Announcing a new utility: 'trace'

Posted Nov 26, 2010 2:33 UTC (Fri) by kabloom (guest, #59417) [Link]

Hey! Since `trace' lives in the kernel tree, this means that all of the syscall decoding code will ALSO live in the kernel tree, and that whoever writes a new syscall can be asked to provide the decoder at the same time.

Announcing a new utility: 'trace'

Posted Nov 20, 2010 17:01 UTC (Sat) by kleptog (subscriber, #1183) [Link]

Anything that brings something like strace but better is good. However, if you do decide to do argument decoding I strongly suggest looking at the source for strace. It contains scripts for dozens of OSes and architechtures for extracting syscall, ioctl and signal information. Along with code to print it out.

It's probably a good idea to at least glance at it once in a while to make sure the impedance mismatch doesn't get too great, so that when you do want it it won't be much work.

(The PORTING document of strace suggests that you should be able to create a new event loop and you'll have a basic working version pretty quick.)

Announcing a new utility: 'trace'

Posted Nov 16, 2010 23:27 UTC (Tue) by marineam (guest, #28387) [Link]

The argument names could be useful, just as the name/pid (timing) prefix could be useful. Both could be optional. One thing that I really like about strace is that it defaults to being pretty terse. Pids are only included if tracing children is enabled, timing information is a whole set of options depending on what type of timing you need, etc. That way the simple case of just seeing what system calls are bing made isn't clouded by extra information. (Am I in the event loop or stuck on a futex?)

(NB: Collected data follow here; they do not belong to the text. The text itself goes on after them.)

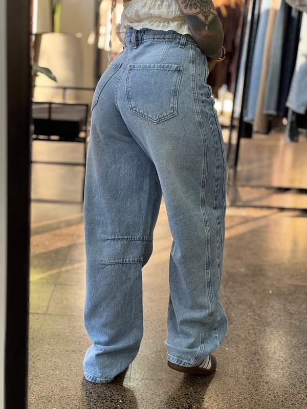 Baggy tiro alto de Jean rígido mega liviano con un calse INCREÍBLE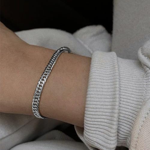 Dacc & Aya Fashion 925 Sterling Silver Flat Curb Cuban Link Chain Bracelet for Men Women, 3MM, 4MM, 7MM, Solid Silver Cuban Thick Big Link Chain Bracelet with Lobster Clasp, 7-9 Inch 4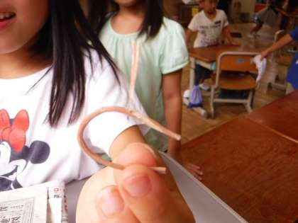 何やら聞きなれぬものを見つけたと言われて見てみると,木の枝が曲がったものを持っていました。どうやらささくれの具合が「と」の字に見えるということのようです。さすが1年生,なかなか柔軟な発想をしています。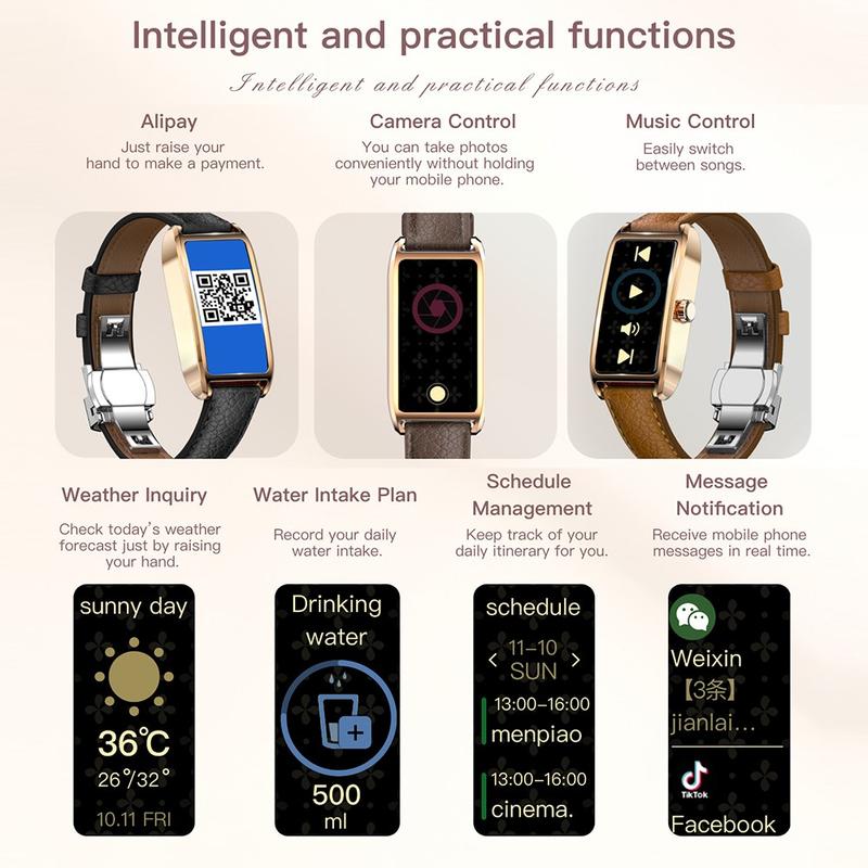 Pysy järjestyksessä ja yhteydessä useiden älykkäiden työkalujen avulla: Alipay-tuki, musiikin ohjaus, etäkamera, värinähälytykset, viesti-ilmoitukset, sääpäivitykset, nesteytysmuistutukset ja aikataulun hallinta. Erityisesti naisille suunniteltu laite sisältää myös kuukautiskierron seurannan ja yötilan näytön himmentämisen levollisia iltoja varten.
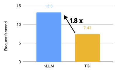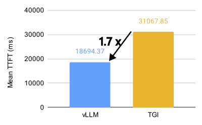 vLLM unlocks incredible performance on the AMD MI300X, achieving 1.5x higher throughput and 1.7x faster time-to-first-token (TTFT) than Text Generation Inference (TGI) for Llama 3.1 405B. It also achieves 1.8x higher throughput and 5.1x faster TTFT than TGI for Llama 3.1 70B.

Announcing a new utility: 'trace'

Posted Nov 17, 2010 9:45 UTC (Wed) by rvfh (guest, #31018) [Link] (1 responses)

> firefox/28132 ( 0.010 ms): mmap(addr: 0x0, len: 0x1000, prot: 0x3, flags: 0x22, fd: 0xffffffff, off: 0x0) => 0x7fb3f442c000

> mmap(NULL, 4096, PROT_READ|PROT_WRITE, MAP_PRIVATE|MAP_ANONYMOUS, -1, 0) = 0x7fb3f442c000 rt_sigaction(SIGTSTP, {SIG_IGN}, {SIG_DFL}, 8) = 0

Looks better in trace to me!
addr: 0x0 <=> NULL
len: 0x1000 <=> 4096 (which is 0x1000 in hex)
You can decode the protocol/flags given the value (I know it's more effort), and 0xffffffff is -1

Announcing a new utility: 'trace'

Posted Nov 17, 2010 15:01 UTC (Wed) by mpr22 (subscriber, #60784) [Link]

You can decode the protocol/flags given the value (I know it's more effort)

It's not just more effort, it's something the machine can do better than me.

Announcing a new utility: 'trace'

Posted Nov 17, 2010 10:10 UTC (Wed) by renox (guest, #23785) [Link]

I disagree with your comment about the argument names which are very useful IMHO:
1) if you have an unfamiliar function, the argument names (if well chosen) can help a lot grasp what the function does.
2) if you're debugging, it helps catching a very common programming mistake: putting the argument in the wrong order (which is only caught by the compiler when the arguments types are incompatible).

Announcing a new utility: 'trace'

Posted Nov 16, 2010 23:06 UTC (Tue) by marineam (guest, #28387) [Link]

In my usage often the important strings other than filenames that I look at frequently in strace are the arguments to execve() and read()/write() so I can narrow down my debugging to things like "Ok, I see that it is receiving all of the data correctly but it somehow truncated it before calling xyz"

The vast majority of the strings aren't important but that one time an important string isn't decoded it is annoying and slightly time consuming to switch to a more complex tool such as gdb to answer the otherwise 3 second question of "that data is good/bad." (I can't remember what syscall it was that I hit this with strace any more but the data wasn't in a struct and yet it didn't know it could decode it.)

Decoding strings by default does add noise but strace's default of truncating after 32 characters seems to be a reasonable compromise.

Announcing a new utility: 'trace'

Posted Nov 16, 2010 23:27 UTC (Tue) by ajross (guest, #4563) [Link]

Symbolic ioctl names are a big one for me. These are often infuriatingly hard to grep out of headers.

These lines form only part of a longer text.